### Source material

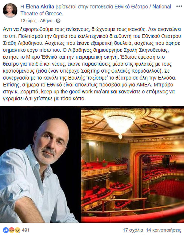 «Αντί να ξεφορτωθούμε τους ανίκανους, διώχνουμε τους ικανούς. Δεν ανανεώνει το… υπουργείο Πολιτισμού την θητεία του καλλιτεχνικού διευθυντή του Εθνικού Θεάτρου Στάθη Λιβαθηνού. Ασχέτως που έκανε εξαιρετική δουλειά, ασχέτως που άφησε σημαντικό έργο πίσω του. Ο Λιβαθηνός δημιούργησε Σχολή Σκηνοθεσίας, έστησε το Μικρό Εθνικό και την πειραματική σκηνή. Έδωσε έμφαση στο θέατρο για παιδιά και νέους, έκανε παραστάσεις μέσα στις φυλακές με τους κρατούμενους (είδα έναν υπέροχο Σαίξπηρ στις φυλακές Κορυδαλλού). Σε συνεργασία με το κανάλι της Βουλής “ταξίδεψε” το θέατρο σε όλη την Ελλάδα. Επίσης, σήμερα το Εθνικό είναι απολύτως προσβάσιμο για ΑΜΕΑ. Μπράβο στην κυρία Ζορμπά, keep up the good work ma’am και κανονίστε ο επόμενος να γκρεμίσει ό,τι χτίστηκε με τόσο κόπο».
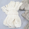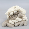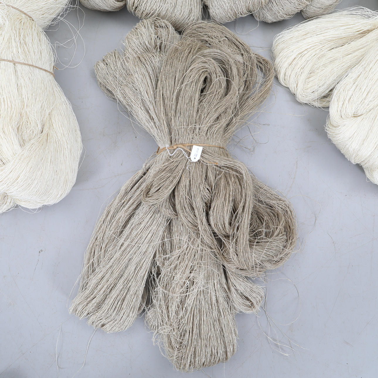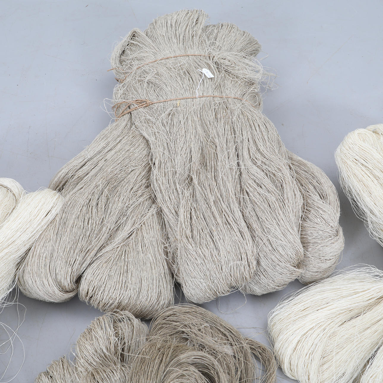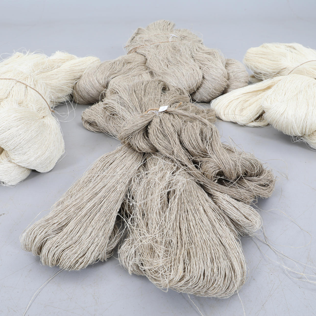 Large and smaller skeins, unbleached and bleached yarn.
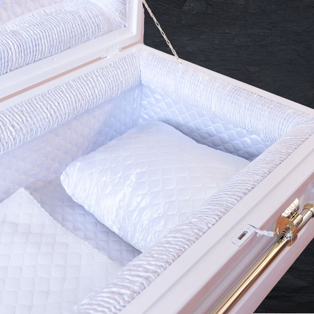 Crafted from white beech wood, this distinguished model stands out through its simplicity and balance. The fully lined interior in elegant brocade and satin adds a sense of refinement and inner peace.

### Your instructions
Return the material exactly as it reads, though without the pictures it holds.

### Answer to the problem
 «Αντί να ξεφορτωθούμε τους ανίκανους, διώχνουμε τους ικανούς. Δεν ανανεώνει το… υπουργείο Πολιτισμού την θητεία του καλλιτεχνικού διευθυντή του Εθνικού Θεάτρου Στάθη Λιβαθηνού. Ασχέτως που έκανε εξαιρετική δουλειά, ασχέτως που άφησε σημαντικό έργο πίσω του. Ο Λιβαθηνός δημιούργησε Σχολή Σκηνοθεσίας, έστησε το Μικρό Εθνικό και την πειραματική σκηνή. Έδωσε έμφαση στο θέατρο για παιδιά και νέους, έκανε παραστάσεις μέσα στις φυλακές με τους κρατούμενους (είδα έναν υπέροχο Σαίξπηρ στις φυλακές Κορυδαλλού). Σε συνεργασία με το κανάλι της Βουλής “ταξίδεψε” το θέατρο σε όλη την Ελλάδα. Επίσης, σήμερα το Εθνικό είναι απολύτως προσβάσιμο για ΑΜΕΑ. Μπράβο στην κυρία Ζορμπά, keep up the good work ma’am και κανονίστε ο επόμενος να γκρεμίσει ό,τι χτίστηκε με τόσο κόπο».
 Large and smaller skeins, unbleached and bleached yarn.
 Crafted from white beech wood, this distinguished model stands out through its simplicity and balance. The fully lined interior in elegant brocade and satin adds a sense of refinement and inner peace.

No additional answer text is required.